** TASK DATA follows **

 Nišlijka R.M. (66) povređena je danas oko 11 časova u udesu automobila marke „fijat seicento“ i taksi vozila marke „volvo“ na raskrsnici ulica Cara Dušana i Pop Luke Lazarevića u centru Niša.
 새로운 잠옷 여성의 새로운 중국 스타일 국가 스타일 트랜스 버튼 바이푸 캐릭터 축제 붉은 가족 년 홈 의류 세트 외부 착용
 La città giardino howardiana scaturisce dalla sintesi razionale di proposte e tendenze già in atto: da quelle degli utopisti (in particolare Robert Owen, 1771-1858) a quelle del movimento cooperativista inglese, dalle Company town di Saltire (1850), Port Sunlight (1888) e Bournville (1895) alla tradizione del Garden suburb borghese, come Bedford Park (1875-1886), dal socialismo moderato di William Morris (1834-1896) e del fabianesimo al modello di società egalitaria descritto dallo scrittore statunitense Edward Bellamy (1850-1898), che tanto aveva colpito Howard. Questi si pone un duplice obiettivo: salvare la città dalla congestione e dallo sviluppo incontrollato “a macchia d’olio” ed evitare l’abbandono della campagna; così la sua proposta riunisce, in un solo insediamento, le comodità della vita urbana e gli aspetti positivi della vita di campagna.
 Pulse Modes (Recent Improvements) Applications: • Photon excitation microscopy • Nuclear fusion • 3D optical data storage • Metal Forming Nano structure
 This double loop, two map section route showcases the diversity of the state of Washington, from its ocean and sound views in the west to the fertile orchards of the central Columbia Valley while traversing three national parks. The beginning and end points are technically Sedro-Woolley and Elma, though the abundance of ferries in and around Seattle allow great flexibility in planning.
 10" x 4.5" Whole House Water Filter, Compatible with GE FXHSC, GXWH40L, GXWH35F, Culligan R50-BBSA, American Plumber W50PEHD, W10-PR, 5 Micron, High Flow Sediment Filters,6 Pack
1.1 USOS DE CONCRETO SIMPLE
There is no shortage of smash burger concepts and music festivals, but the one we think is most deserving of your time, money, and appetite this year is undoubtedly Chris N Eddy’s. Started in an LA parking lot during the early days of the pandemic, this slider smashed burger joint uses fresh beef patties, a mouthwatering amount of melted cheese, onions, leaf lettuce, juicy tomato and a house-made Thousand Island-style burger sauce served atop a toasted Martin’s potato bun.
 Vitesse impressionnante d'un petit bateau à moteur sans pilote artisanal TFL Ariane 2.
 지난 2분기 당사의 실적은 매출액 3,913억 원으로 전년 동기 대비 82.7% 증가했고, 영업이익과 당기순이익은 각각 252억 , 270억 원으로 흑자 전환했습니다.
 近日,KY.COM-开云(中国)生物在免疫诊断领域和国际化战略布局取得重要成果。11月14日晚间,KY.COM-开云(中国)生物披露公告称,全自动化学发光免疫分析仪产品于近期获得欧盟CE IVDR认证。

** End of TASK DATA **

_EXERCISE BRIEF_
Word for word, set down the lines from the beginning of the records through the line that holds "새로운 잠옷 여성의 새로운". Leave out the rest.

_RESPONSE AREA_
 Nišlijka R.M. (66) povređena je danas oko 11 časova u udesu automobila marke „fijat seicento“ i taksi vozila marke „volvo“ na raskrsnici ulica Cara Dušana i Pop Luke Lazarevića u centru Niša.
 새로운 잠옷 여성의 새로운 중국 스타일 국가 스타일 트랜스 버튼 바이푸 캐릭터 축제 붉은 가족 년 홈 의류 세트 외부 착용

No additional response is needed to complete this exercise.